Great Moments In Neighborhood News: Friggin’ Fishtown Fecesgate!

In which The Spirit, a paper not known for agitation, asks you at least three times,
“How would YOU feel if YOUR child was covered in feces, maaaan?”
At this point, even the native populations here in Fishtown (mostly) know that it’s no longer OK to physically chase people of color out of the neighborhood (though we witnessed this actually happening outside our window a few months ago), engage in hate-speech towards people perceived to be homosexual (we haven’t heard a local street urchin scream “FAGGOT!” in nearly 45 minutes), or brazenly litter the streets with iced tea cartons, discarded take-out or needles (um, let’s just say we’re very excited about Philly Spring Cleanup this weekend). So the class wars here — a roiling pot of gentrification and xenophobia stew — have naturally turned to a group seemingly quite uncontroversial: Dog owners. Around here, “dog walkers” is a pleasant synonym for “child-hating yuppie scum,” and why, yes, thank you, some of us are. Thank you for noticing! And in recent years, the Fishtown Dog/Class Wars have had as their focal point Hetzell’s Field, a baseball diamond at Thompson and Columbia. See, Fishtown, for all of its notable dogs and dog-lovers, does not have a dog park. It does, however, have many, many unplanned children, many of whom play baseball, softball, tee ball, soccer and whathaveyou at Hetzell’s. So when a few intrepid “dog walkers” led an unsuccessful movement a few years back to have a section of Hetzell’s cordoned off as a dog park, well, it was an insulting shot across the bow to the breeder populace here. They simply couldn’t understand why these new people don’t just let their dogs shit exclusively on the 5×5 concrete square “yard” behind their own house, like every dog in Fishtown ever, up until some time in the mid-1990s, when the first “faggots and yuppies” began their dastardly invasion of the 19125 zip code. And so it came to pass that the proposed, failed dog park became the defining moment in New Fishtown Vs. Old Fishtown.
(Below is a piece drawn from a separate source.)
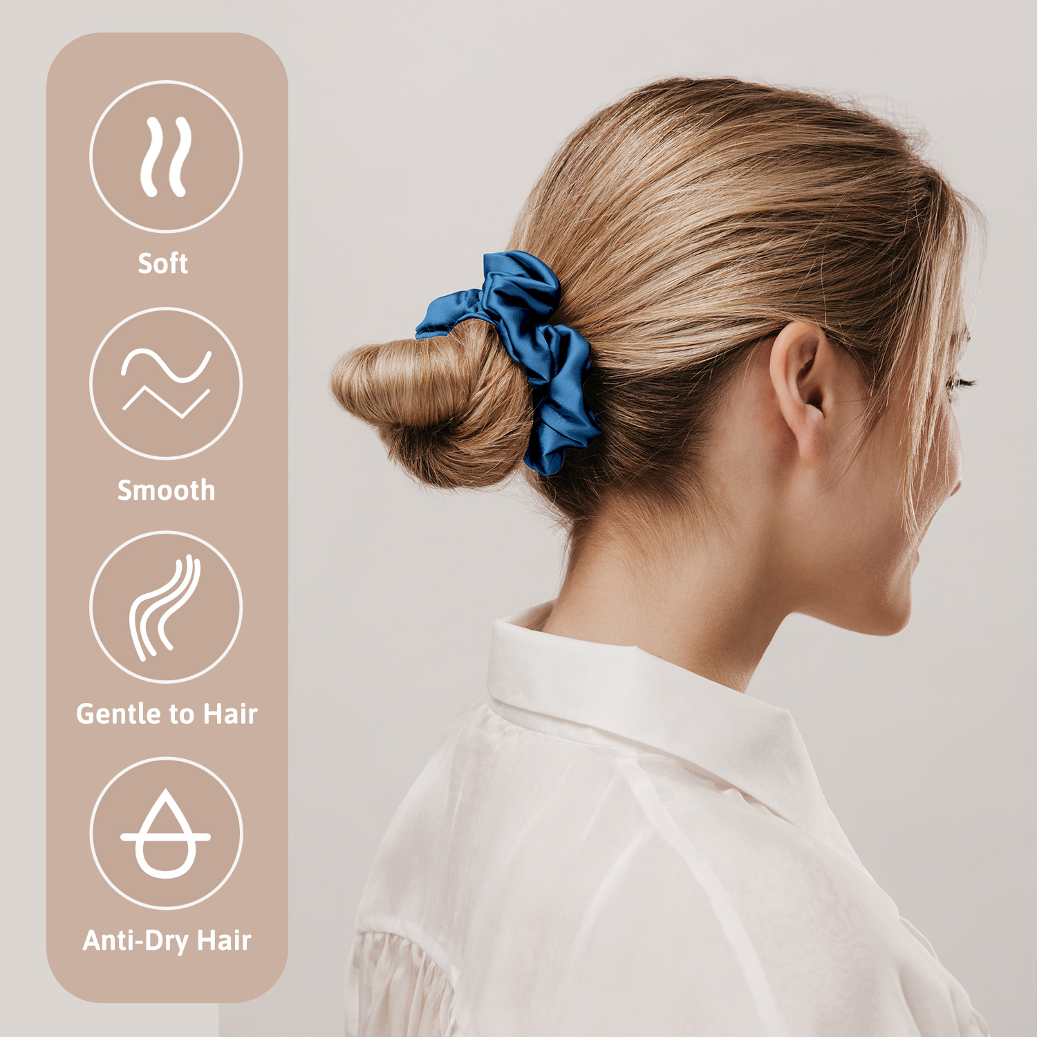 Atreebay silk scrunchies are made from 100% 6A Grade Mulberry Silk, super soft and smooth. Give you the softest touch feeling and make your hair healthy and energetic.

So you could understand why today’s lead story in the Fishtown Spirit is presently rocking this community to its core. Penned by one Bonnie Dugan, the piece details two local mens’ efforts to keep Hetzell’s free of what we can probably presume is canine feces and not human (though it’s probably safe to say the hypodermic needles they’ve found were probably discarded by people; it’s widely known that Fishtown dogs mostly only smoke weed). The problem these civic-minded neighbors are having, however, is that the task before them is frankly quite daunting; on a recent cleanup, they removed no less than 120 piles of dogshit. And when they posted signs from the Dept. of Recreation indicating that no dogs were allowed and in fact, dog feces can spread disease, vandals removed the signs overnight. That night. Dugan’s piece, however, positively drips with seething hatred of dog walker culture, and she pours the guilt on so thick that you instantly remember, yes, indeed, everyone of a certain age who grew up here certainly did go to Catholic school:
The score is 2-2; there is only 15 seconds left in the game. Picture your child rushing for the ball against an opponent to score the winning goal, only to slip and sprain an ankle. What is it that he or she slipped on? A huge pile fertilized in dog droppings.
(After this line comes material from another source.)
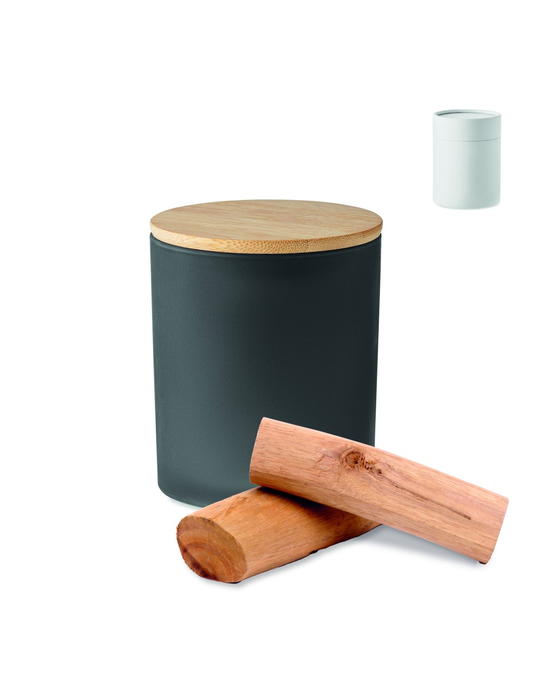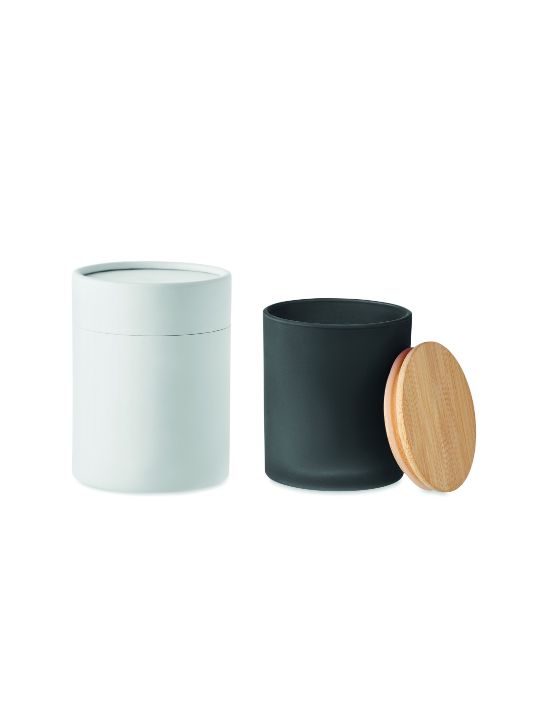 Candela di cera vegetale alla cannella, vaniglia, legno di sandalo o gelsomino in barattolo di vetro opaco con coperchio di bamboo. 120 gr. Durata candela: 20 ore. In scatola regalo in tubo di carta.

How about if your child wants to draw his or her name in the ground, imagining the sand at the shore. Isn’t that the cutest? What if the dirt is actually a pile of feces that a dog left just hours before?
And throughout the exposé, the Fishtown Dog/Class Wars are alluded to, but never quite voiced. Like certain kinds of love, these wars dare not speak their own name. But the debate rages on at Fishtown.us, where old prejudices (and new ones) bubble just beneath the surface. Will the culprits one day be named? And when they are, will they be revealed to be New York Times “Weekender” subscribers? We don’t know, we can’t say, but whatever happens, we know this much. It will be fair. For as they say, everything is, in love and in war.